#### [AIM OF THE TASK]
All of the data below is to be repeated exactly, except for the pictures.

_ _ _ _

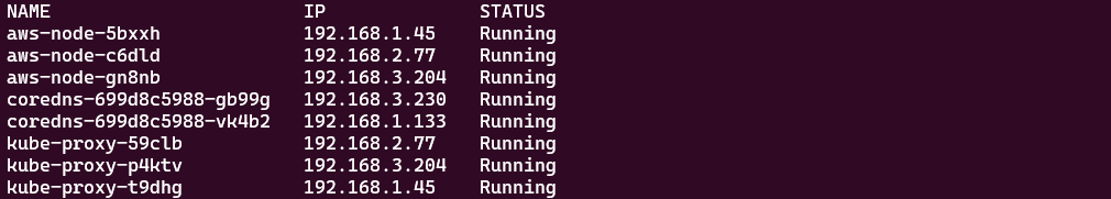 VPC CNI는 aws-node 명칭의 데몬셋으로 배포됩니다. aws-node-* 파드는 2개의 컨테이너로 구성되어 있습니다. 첫 번째 컨테이너는 CNI 네트워크를 구축하고, 두 번째 컨테이너는 eBPF 기반의 NetworkPolicy를 처리합니다. 각각 amazon-k8s-cni:v1.18.6-eksbuild.1와 amazon/aws-network-policy-agent:v1.1.3-eksbuild.1 이미지를 가져와 실행합니다. 그리고 aws-node와 kube-proxy 파드는 호스트 네트워크를 그대로 사용하며, 어플리케이션 파드는 호스트 네트워크와 동일한 대역을 사용하게 됩니다. coredns 파드 또한 호스트 네트워크와 동일한 대역의 IP 주소를 할당받은 것을 확인할 수 있습니다.
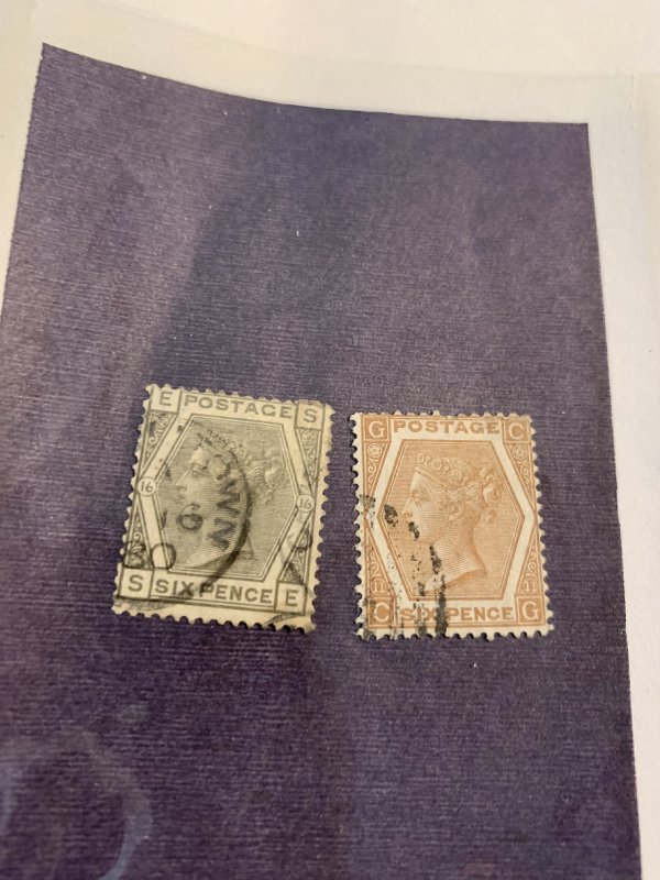Great Britain 59-60 U F-VF two six pence from 1872-3 of Queen Victoria with a SCV $ 305.00
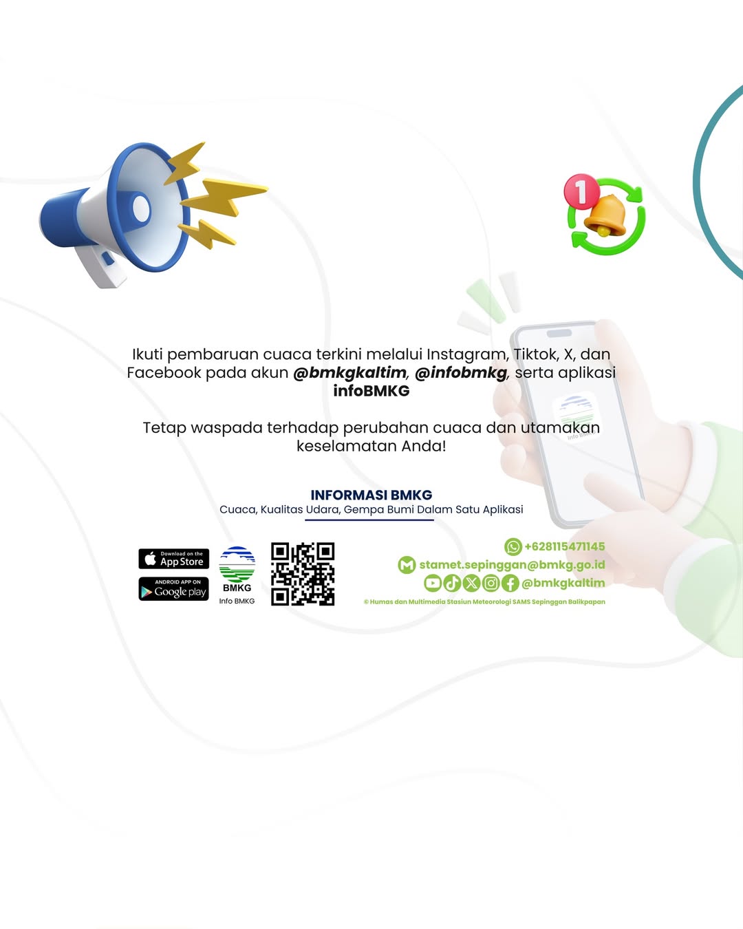 Untuk pemantauan informasi cuaca, maritim, dan peringatan dini secara lebih cepat dan akurat, silakan unduh aplikasi InfoBMKG melalui App Store maupun Google Play Store.
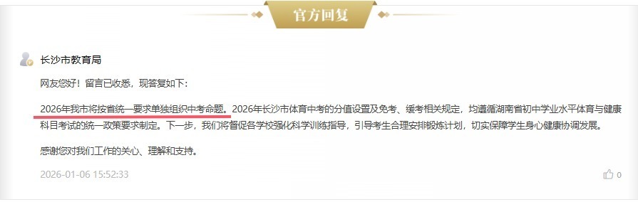 湖南日报1月12日讯(全媒体记者 杨斯涵)日前,湖南省教育考试院印发《湖南省初中学业水平考试试卷结构(2025年修订)》,明确2026年中考将实行四科开卷、题型分值调整等多项改革举措(2026湖南中考试卷安排来了!四科开卷,题型分值有调整),这一方案的发布引发长沙家长的关注:长沙中考是否会启用湖南省卷呢?近日,长沙市教育局回应热点关切:2026年长沙中考将继续保持单独命题模式,试题结构遵循“总体稳定,适当微调”原则。
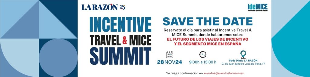 Resérvate el día para asistir al Incentive Travel & MICE Summit, donde hablaremos sobre EL FUTURO DE LOS VIAJES DE INCENTIVO Y EL SEGMENTO MICE EN ESPAÑA
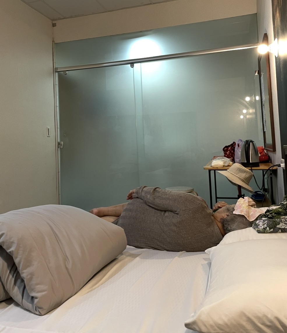 總算到了,看護暈在床上了
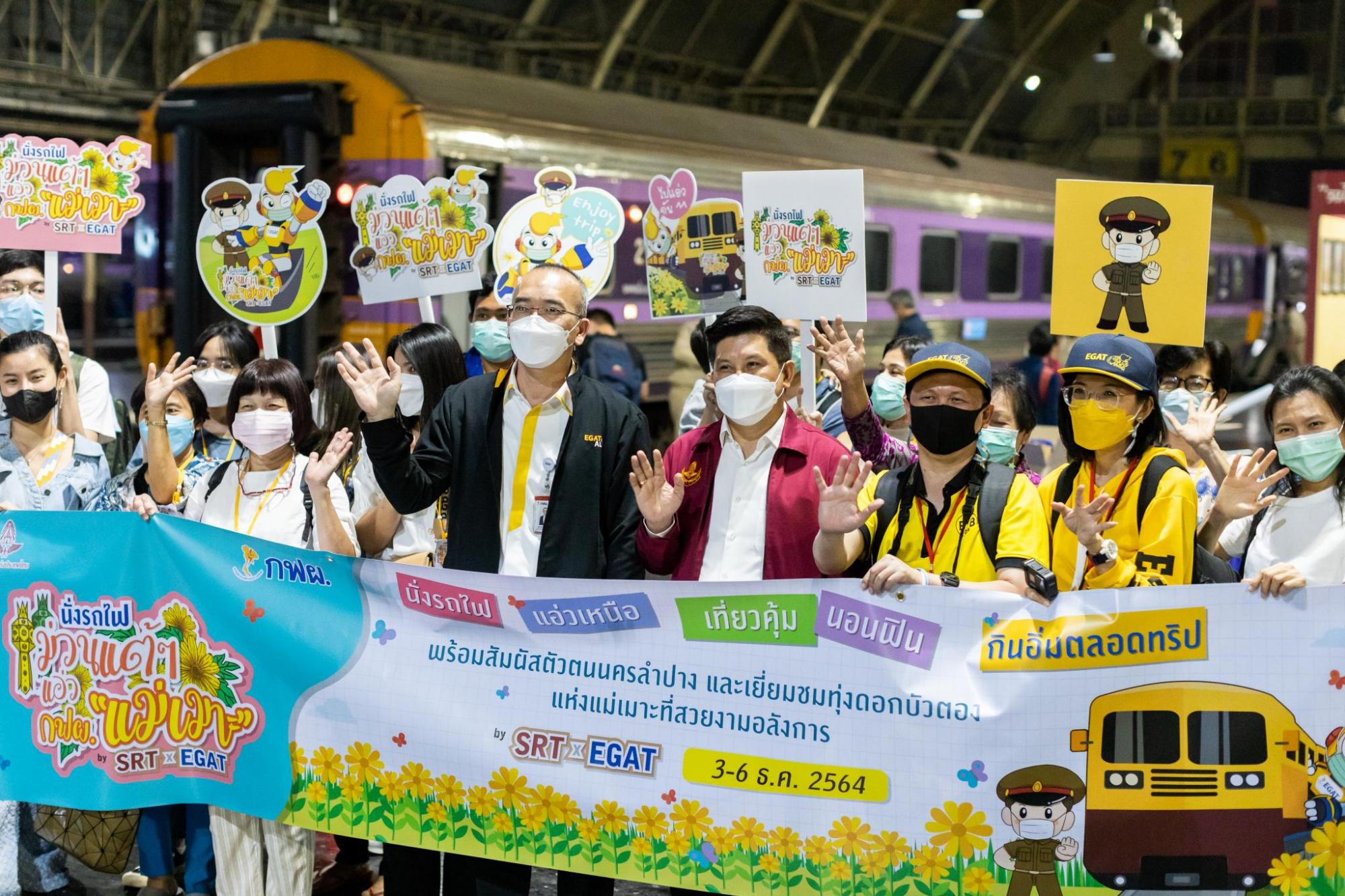 รฟท. - กฟผ. เปิดหวูดความฟิน! นั่งรถไฟรับลมหนาว แอ่วนครลำปาง ชมทุ่งดอกบัวตองที่ กฟผ. แม่เมาะ
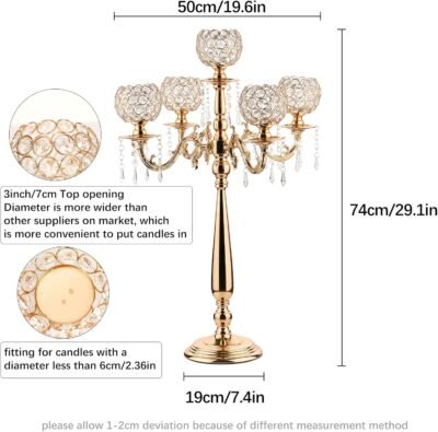 Features Size:29.5 Inches Tall Material:Decorative metal and Crystal. Dimensions:21.6inch/55cmx29.5inch/75cm Color:gold crystal candle holders Warmly Notice
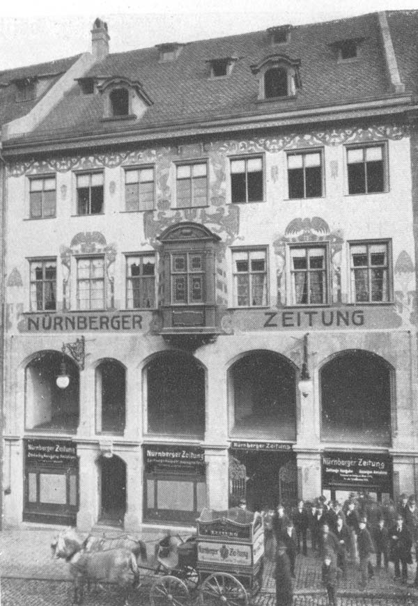 Verlagsgebäude der Nürnberger Zeitung am Hauptmarkt 4 in Nürnberg. (aus: 25 Jahre gewerblicher Arbeit im Hause Erich Spandel, Nürnberg. 1888-1913. Gedenkschrift, Nürnberg 1913, 6)
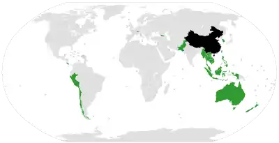 The People's Republic of China has bilateral trade agreements with the following blocs, countries, and its two special administrative regions:[13]
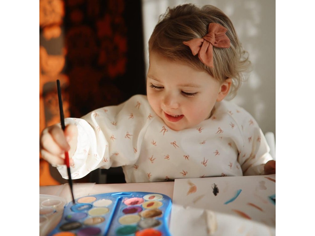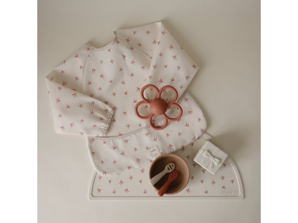 Podbradník s dlhým rukávom od značky Mushie pre bezproblémové jedenie!
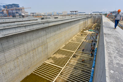 投資5億元的20萬噸/日集中預(yù)處理二期工程自2017年4月動(dòng)工以來,目前全面進(jìn)入設(shè)備安裝階段。期間,實(shí)行每周制定施工計(jì)劃、每周督查制,現(xiàn)設(shè)備安裝進(jìn)度良好,至2018年3月中旬,鼓風(fēng)機(jī)、吸刮泥機(jī)等關(guān)鍵設(shè)備安裝到位,完成安裝工程量的60%以上,預(yù)計(jì)4月底可安裝完畢,5月底完成設(shè)備單、聯(lián)動(dòng)調(diào)試,6月底如期投運(yùn),形成集聚區(qū)40萬噸/日集中預(yù)處理能力,屆時(shí)可全面滿足集聚區(qū)一、二、三期60家企業(yè)約35萬噸/日的污水排放需求。
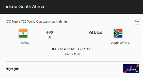 As the game progresses, India vs South Africa promises competitive cricket, even in a preparatory setting, with both teams keen to hit peak form before the business end of the T20 World Cup.
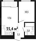 Кухня 17.6 м2 Жилая 10.5 м2 Балкон: нет
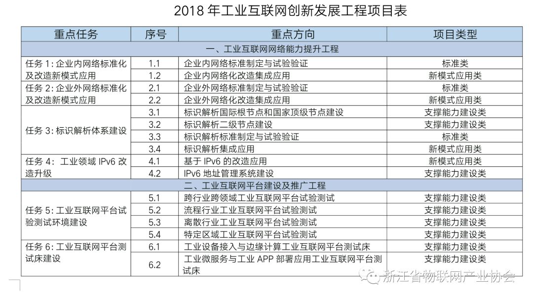 2018年工业互联网创新发展工程项目重点围绕网络、平台、安全三大体系:一是工业互联网网络能力提升工程相关项目;二是工业互联网平台建设及推广工程相关项目;三是工业互联网安全保障能力提升工程相关项目。详细项目表见附1。
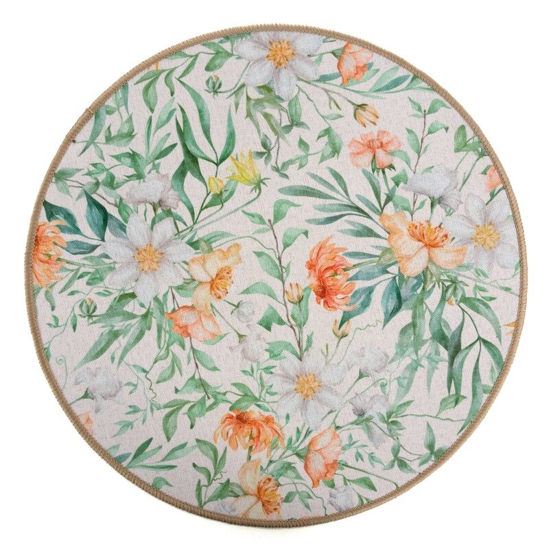 Okrągła podkładka z nadrukowanym motywem kwiatowym kolor: zielony, Skład: 70% guma, 30% poliester SZT.6
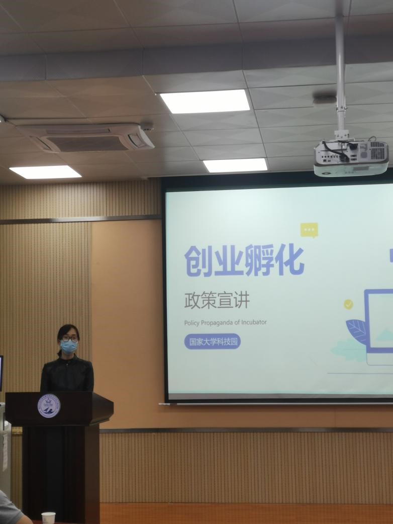 随后,科技园副主任,孵化器负责人顾振芳对大学科技园的孵化政策进行解读,详细介绍了大学科技园的创新创业政策,专业化的团队,完善的服务体系,众创空间以及孵化器和项目的遴选程序。
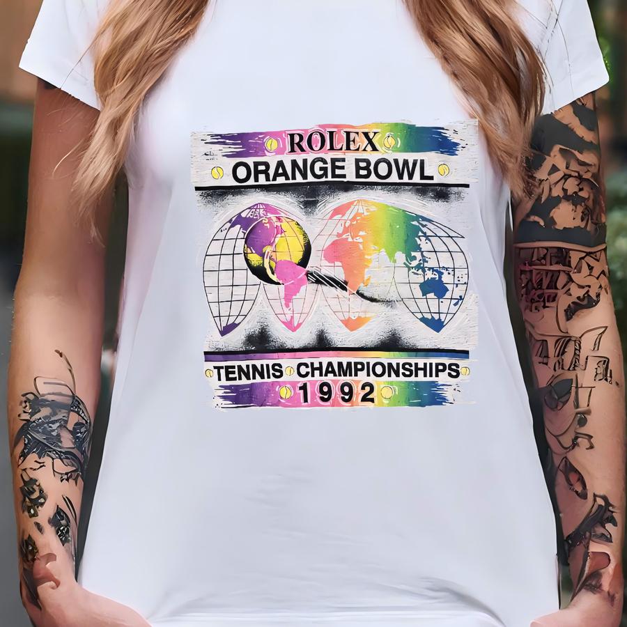 Rolex Vintage 90s Tennis Orange Bowl Championships Hoodie - Single Stitch Hanes Heavyweight Tee - Men's Size : Large ( L ) - T-shirt

_ _ _ _

#### [ANSWER SPACE]
 VPC CNI는 aws-node 명칭의 데몬셋으로 배포됩니다. aws-node-* 파드는 2개의 컨테이너로 구성되어 있습니다. 첫 번째 컨테이너는 CNI 네트워크를 구축하고, 두 번째 컨테이너는 eBPF 기반의 NetworkPolicy를 처리합니다. 각각 amazon-k8s-cni:v1.18.6-eksbuild.1와 amazon/aws-network-policy-agent:v1.1.3-eksbuild.1 이미지를 가져와 실행합니다. 그리고 aws-node와 kube-proxy 파드는 호스트 네트워크를 그대로 사용하며, 어플리케이션 파드는 호스트 네트워크와 동일한 대역을 사용하게 됩니다. coredns 파드 또한 호스트 네트워크와 동일한 대역의 IP 주소를 할당받은 것을 확인할 수 있습니다.
Great Britain 59-60 U F-VF two six pence from 1872-3 of Queen Victoria with a SCV $ 305.00
 Untuk pemantauan informasi cuaca, maritim, dan peringatan dini secara lebih cepat dan akurat, silakan unduh aplikasi InfoBMKG melalui App Store maupun Google Play Store.
 湖南日报1月12日讯(全媒体记者 杨斯涵)日前,湖南省教育考试院印发《湖南省初中学业水平考试试卷结构(2025年修订)》,明确2026年中考将实行四科开卷、题型分值调整等多项改革举措(2026湖南中考试卷安排来了!四科开卷,题型分值有调整),这一方案的发布引发长沙家长的关注:长沙中考是否会启用湖南省卷呢?近日,长沙市教育局回应热点关切:2026年长沙中考将继续保持单独命题模式,试题结构遵循“总体稳定,适当微调”原则。
 Resérvate el día para asistir al Incentive Travel & MICE Summit, donde hablaremos sobre EL FUTURO DE LOS VIAJES DE INCENTIVO Y EL SEGMENTO MICE EN ESPAÑA
 總算到了,看護暈在床上了
 รฟท. - กฟผ. เปิดหวูดความฟิน! นั่งรถไฟรับลมหนาว แอ่วนครลำปาง ชมทุ่งดอกบัวตองที่ กฟผ. แม่เมาะ
 Features Size:29.5 Inches Tall Material:Decorative metal and Crystal. Dimensions:21.6inch/55cmx29.5inch/75cm Color:gold crystal candle holders Warmly Notice
 Verlagsgebäude der Nürnberger Zeitung am Hauptmarkt 4 in Nürnberg. (aus: 25 Jahre gewerblicher Arbeit im Hause Erich Spandel, Nürnberg. 1888-1913. Gedenkschrift, Nürnberg 1913, 6)
 The People's Republic of China has bilateral trade agreements with the following blocs, countries, and its two special administrative regions:[13]
 Podbradník s dlhým rukávom od značky Mushie pre bezproblémové jedenie!
 投資5億元的20萬噸/日集中預(yù)處理二期工程自2017年4月動(dòng)工以來,目前全面進(jìn)入設(shè)備安裝階段。期間,實(shí)行每周制定施工計(jì)劃、每周督查制,現(xiàn)設(shè)備安裝進(jìn)度良好,至2018年3月中旬,鼓風(fēng)機(jī)、吸刮泥機(jī)等關(guān)鍵設(shè)備安裝到位,完成安裝工程量的60%以上,預(yù)計(jì)4月底可安裝完畢,5月底完成設(shè)備單、聯(lián)動(dòng)調(diào)試,6月底如期投運(yùn),形成集聚區(qū)40萬噸/日集中預(yù)處理能力,屆時(shí)可全面滿足集聚區(qū)一、二、三期60家企業(yè)約35萬噸/日的污水排放需求。
 As the game progresses, India vs South Africa promises competitive cricket, even in a preparatory setting, with both teams keen to hit peak form before the business end of the T20 World Cup.
 Кухня 17.6 м2 Жилая 10.5 м2 Балкон: нет
 2018年工业互联网创新发展工程项目重点围绕网络、平台、安全三大体系:一是工业互联网网络能力提升工程相关项目;二是工业互联网平台建设及推广工程相关项目;三是工业互联网安全保障能力提升工程相关项目。详细项目表见附1。
 Okrągła podkładka z nadrukowanym motywem kwiatowym kolor: zielony, Skład: 70% guma, 30% poliester SZT.6
 随后,科技园副主任,孵化器负责人顾振芳对大学科技园的孵化政策进行解读,详细介绍了大学科技园的创新创业政策,专业化的团队,完善的服务体系,众创空间以及孵化器和项目的遴选程序。
 Rolex Vintage 90s Tennis Orange Bowl Championships Hoodie - Single Stitch Hanes Heavyweight Tee - Men's Size : Large ( L ) - T-shirt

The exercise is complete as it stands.